Trouble with quoted string that starts with a `#` character

Question

Trouble with quoted string that starts with a `#` character

rudedogg opened this issue 2 years ago · 3 comments

I think the parser is having trouble with strings starting with a # character. If you add the following test case, the parser will crash on it:

test "single quoted string with a pound symbol" {
    const source =
        \\- hello
        \\- '#hello'
    ;

    var yaml = try Yaml.load(testing.allocator, source);
    defer yaml.deinit();

    const arr = try yaml.parse([2][]const u8);
    try testing.expectEqual(arr.len, 2);
    try testing.expect(mem.eql(u8, arr[0], "hello"));
    try testing.expect(mem.eql(u8, arr[1], "#hello"));
}

I think this is valid. I've been using zig-yaml to parse color schemes (with lots of RGB color hex codes), but after updating the project I ran into this issue.

Answer 1 · 2022-09-18T17:45:10.000Z

I looked into this a little more, and I think the problem is in the Tokenizer, and not specific to the # character prefix.
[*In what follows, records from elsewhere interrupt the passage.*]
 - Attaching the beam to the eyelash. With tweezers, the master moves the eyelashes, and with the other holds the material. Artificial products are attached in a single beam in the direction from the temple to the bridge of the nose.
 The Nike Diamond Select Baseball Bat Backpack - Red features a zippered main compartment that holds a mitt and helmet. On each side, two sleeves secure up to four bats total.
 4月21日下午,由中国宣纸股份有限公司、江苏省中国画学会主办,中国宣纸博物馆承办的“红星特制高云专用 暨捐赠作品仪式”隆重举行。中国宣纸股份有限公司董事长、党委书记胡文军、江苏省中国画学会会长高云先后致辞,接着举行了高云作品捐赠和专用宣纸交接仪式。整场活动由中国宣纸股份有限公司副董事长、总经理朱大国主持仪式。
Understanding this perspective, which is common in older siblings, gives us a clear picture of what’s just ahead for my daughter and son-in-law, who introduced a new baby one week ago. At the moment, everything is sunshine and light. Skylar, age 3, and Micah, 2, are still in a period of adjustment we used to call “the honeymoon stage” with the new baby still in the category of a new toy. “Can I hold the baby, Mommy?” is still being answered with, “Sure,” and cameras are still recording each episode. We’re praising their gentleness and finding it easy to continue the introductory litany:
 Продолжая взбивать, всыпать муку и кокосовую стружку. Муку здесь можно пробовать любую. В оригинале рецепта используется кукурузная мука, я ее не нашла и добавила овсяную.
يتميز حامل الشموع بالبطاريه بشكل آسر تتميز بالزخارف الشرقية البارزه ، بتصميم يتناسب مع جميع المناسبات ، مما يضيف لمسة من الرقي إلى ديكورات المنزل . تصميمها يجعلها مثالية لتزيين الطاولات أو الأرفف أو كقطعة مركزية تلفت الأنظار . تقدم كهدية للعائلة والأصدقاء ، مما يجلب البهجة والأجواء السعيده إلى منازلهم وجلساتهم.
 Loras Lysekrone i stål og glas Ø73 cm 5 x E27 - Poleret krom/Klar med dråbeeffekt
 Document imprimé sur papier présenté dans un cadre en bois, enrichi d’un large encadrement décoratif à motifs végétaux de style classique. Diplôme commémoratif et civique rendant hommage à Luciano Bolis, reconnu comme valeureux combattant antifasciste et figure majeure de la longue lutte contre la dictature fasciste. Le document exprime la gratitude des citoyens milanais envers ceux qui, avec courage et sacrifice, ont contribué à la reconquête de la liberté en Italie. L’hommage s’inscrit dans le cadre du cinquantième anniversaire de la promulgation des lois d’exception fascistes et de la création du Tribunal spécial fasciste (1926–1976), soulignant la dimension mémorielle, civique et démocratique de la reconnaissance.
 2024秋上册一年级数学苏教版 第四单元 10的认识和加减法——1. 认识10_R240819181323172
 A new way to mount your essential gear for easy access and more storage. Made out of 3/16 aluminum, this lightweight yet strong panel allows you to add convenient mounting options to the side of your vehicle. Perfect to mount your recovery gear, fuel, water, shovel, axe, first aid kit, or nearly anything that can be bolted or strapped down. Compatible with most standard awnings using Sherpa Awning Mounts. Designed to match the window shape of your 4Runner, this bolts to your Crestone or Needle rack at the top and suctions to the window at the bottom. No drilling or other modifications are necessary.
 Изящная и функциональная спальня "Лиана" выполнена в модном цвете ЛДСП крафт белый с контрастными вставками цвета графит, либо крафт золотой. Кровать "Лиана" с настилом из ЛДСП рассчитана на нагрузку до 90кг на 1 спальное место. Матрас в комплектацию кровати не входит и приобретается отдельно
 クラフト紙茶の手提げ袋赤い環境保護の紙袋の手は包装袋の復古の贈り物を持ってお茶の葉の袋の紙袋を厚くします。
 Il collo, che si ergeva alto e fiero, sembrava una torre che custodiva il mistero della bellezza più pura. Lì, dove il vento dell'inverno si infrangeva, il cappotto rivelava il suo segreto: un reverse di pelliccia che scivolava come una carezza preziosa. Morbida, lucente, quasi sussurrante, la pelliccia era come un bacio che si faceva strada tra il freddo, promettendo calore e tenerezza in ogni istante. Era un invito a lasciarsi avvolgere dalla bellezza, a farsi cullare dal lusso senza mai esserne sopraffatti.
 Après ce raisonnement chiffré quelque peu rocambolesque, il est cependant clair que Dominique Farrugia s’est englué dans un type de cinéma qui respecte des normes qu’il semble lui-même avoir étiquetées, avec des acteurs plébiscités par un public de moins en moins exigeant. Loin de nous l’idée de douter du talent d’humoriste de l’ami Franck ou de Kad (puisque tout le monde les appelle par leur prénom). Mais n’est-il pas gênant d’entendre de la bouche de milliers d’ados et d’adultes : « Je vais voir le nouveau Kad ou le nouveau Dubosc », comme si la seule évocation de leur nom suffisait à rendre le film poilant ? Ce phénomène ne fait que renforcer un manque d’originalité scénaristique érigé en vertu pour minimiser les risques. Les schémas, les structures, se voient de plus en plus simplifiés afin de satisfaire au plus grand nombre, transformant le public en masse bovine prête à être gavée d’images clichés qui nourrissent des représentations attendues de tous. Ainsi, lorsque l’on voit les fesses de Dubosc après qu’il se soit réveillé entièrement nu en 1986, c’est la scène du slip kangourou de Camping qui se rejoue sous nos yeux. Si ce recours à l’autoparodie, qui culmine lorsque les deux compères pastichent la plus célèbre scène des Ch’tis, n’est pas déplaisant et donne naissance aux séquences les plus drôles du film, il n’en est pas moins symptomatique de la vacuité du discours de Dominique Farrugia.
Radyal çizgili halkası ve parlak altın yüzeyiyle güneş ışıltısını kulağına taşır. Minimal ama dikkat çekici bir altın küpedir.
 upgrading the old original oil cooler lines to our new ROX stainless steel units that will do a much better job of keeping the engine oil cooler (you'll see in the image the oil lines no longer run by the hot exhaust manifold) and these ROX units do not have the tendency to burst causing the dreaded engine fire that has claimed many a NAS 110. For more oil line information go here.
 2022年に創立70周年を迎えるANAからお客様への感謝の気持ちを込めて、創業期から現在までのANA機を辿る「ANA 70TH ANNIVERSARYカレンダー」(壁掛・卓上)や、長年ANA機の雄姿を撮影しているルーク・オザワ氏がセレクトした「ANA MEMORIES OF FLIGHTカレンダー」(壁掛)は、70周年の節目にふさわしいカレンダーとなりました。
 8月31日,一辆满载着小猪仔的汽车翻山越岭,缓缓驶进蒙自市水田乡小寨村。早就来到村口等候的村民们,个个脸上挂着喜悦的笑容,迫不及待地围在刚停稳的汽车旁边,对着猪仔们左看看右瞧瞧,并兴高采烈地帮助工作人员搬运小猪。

After eating a single or double quote, we set self.string_type = .{single|double}_quoted. But the following call to Tokenizer.next() will be in the .start state still, and parse as a comment, anchor, etc., if the quoted string begins with one of the characters handled before the else => { state = .literal } case.

Here are a couple tests I've added to Tokenizer.zig to try and get something working:

test "quoted literals" {
    try testExpected(
        \\'#000000'
        \\'[000000'
        \\"&someString"
    , &[_]Token.Id{
        .single_quote,
        .literal,
        .single_quote,
        .new_line,
        .single_quote,
        .literal,
        .single_quote,
        .new_line,
        .double_quote,
        .literal,
        .double_quote,
        .eof,
    });
}

I was able to get my quoted strings starting with # to parse by changing the implementation of switch (state) (c) { .start =># { ... }` (line 136 of Tokenizer.zig):

'#' => {
    if (self.string_type != .unquoted) {
        state = .literal;
    } else {
        state = .comment;
    }
},

but this is just a hack for that specific case. I tried thinking of how to fix this generally, but I'm new to parsers and nothing great jumped out at me. Maybe an additional state for when we're in a quoted context? Or somehow use the exclusion list on Parser.eatToken() or Parser.eatCommentsAndSpace()?

Answer 2 · 2022-11-22T15:02:46.000Z

Thanks for submitting the issue, and apologies for not tending to it earlier but I find it hard to devote enough time to all of my subprojects these days. Anyhow, I have provided a fix to this issue in #15 if you would like to have a look. Your investigation was spot on in the sense that it is currently very difficult to handle this with how we handle quoted strings in the Tokenizer, and so I went ahead and rewrote that bit entirely in the hope that it will be easier to handle quoted strings from now on. The modified approach is described in the PR itself.

Answer 3 · 2022-11-28T22:22:03.000Z

Thanks for submitting the issue, and apologies for not tending to it earlier but I find it hard to devote enough time to all of my subprojects these days. Anyhow, I have provided a fix to this issue in #15 if you would like to have a look. Your investigation was spot on in the sense that it is currently very difficult to handle this with how we handle quoted strings in the Tokenizer, and so I went ahead and rewrote that bit entirely in the hope that it will be easier to handle quoted strings from now on. The modified approach is described in the PR itself.

No worries at all on the timing! I guessed when I opened the issue you would be tied up with 0.10 stuff.

Thank you for the fix and explanation in #15; I'm happy the test and exploration I did helped.